» **Exercise**: Quote word for word the lines starting at the line with "Bonjour a tous, je" and ending at the final line of the entries. Leave out any pictures.

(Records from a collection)
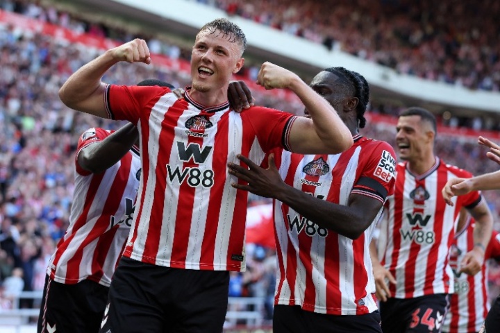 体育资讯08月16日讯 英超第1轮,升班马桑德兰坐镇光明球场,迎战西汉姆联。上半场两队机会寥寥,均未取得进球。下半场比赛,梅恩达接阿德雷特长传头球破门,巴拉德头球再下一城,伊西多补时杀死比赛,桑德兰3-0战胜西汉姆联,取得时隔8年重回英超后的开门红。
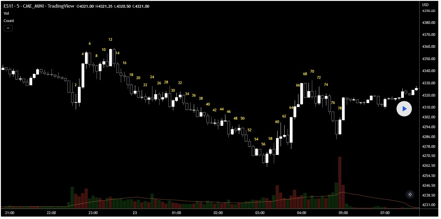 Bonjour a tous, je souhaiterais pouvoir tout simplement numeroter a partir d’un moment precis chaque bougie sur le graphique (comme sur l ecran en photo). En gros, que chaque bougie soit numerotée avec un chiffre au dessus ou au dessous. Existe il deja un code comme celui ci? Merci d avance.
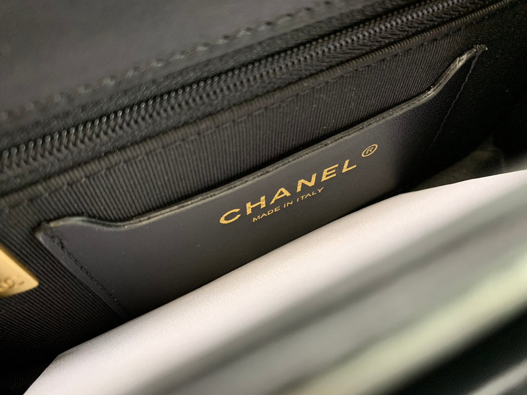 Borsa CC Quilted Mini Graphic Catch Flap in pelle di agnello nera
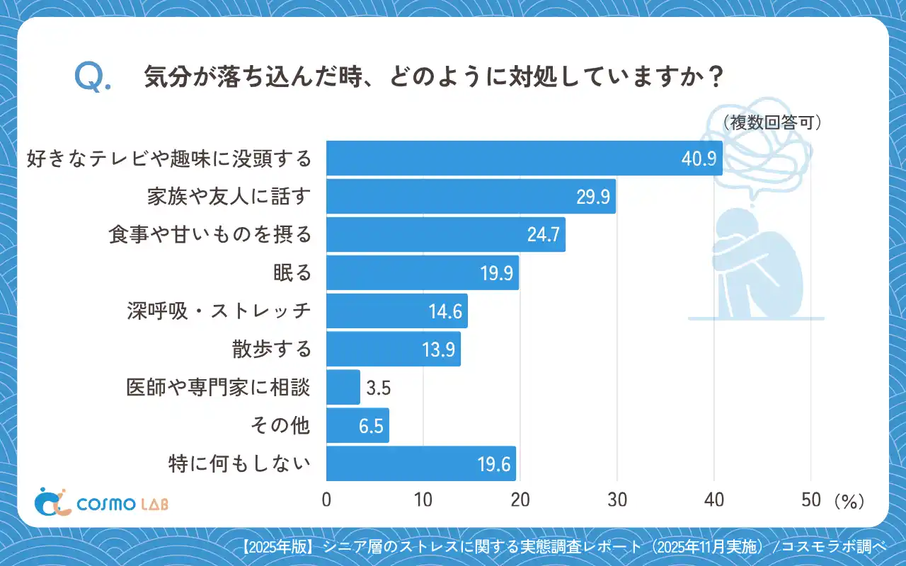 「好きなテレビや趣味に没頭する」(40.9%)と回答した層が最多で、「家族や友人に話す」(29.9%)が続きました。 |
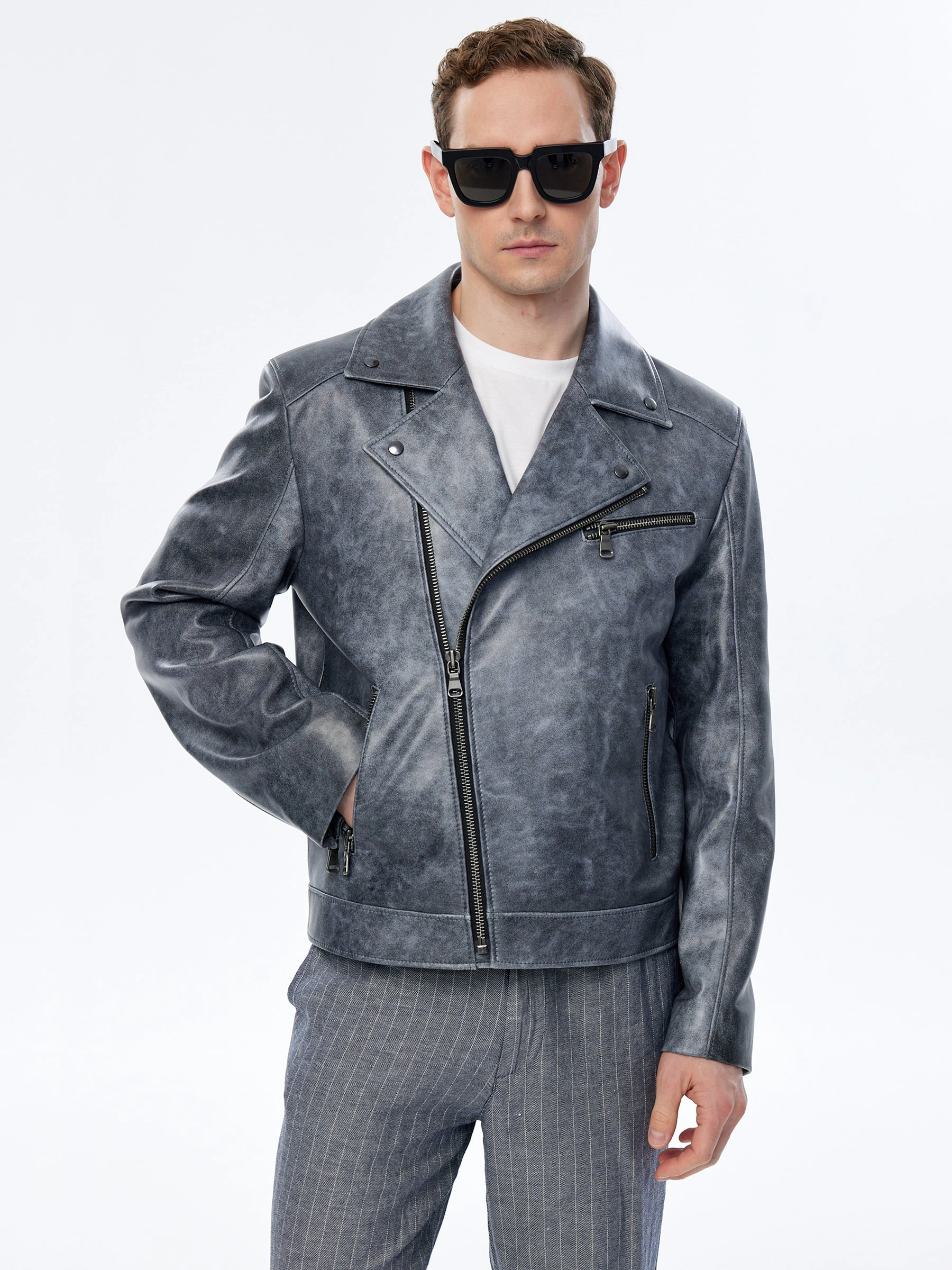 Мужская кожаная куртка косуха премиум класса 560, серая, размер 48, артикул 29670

» **Exercise response**:
 Bonjour a tous, je souhaiterais pouvoir tout simplement numeroter a partir d’un moment precis chaque bougie sur le graphique (comme sur l ecran en photo). En gros, que chaque bougie soit numerotée avec un chiffre au dessus ou au dessous. Existe il deja un code comme celui ci? Merci d avance.
 Borsa CC Quilted Mini Graphic Catch Flap in pelle di agnello nera
 「好きなテレビや趣味に没頭する」(40.9%)と回答した層が最多で、「家族や友人に話す」(29.9%)が続きました。 |
 Мужская кожаная куртка косуха премиум класса 560, серая, размер 48, артикул 29670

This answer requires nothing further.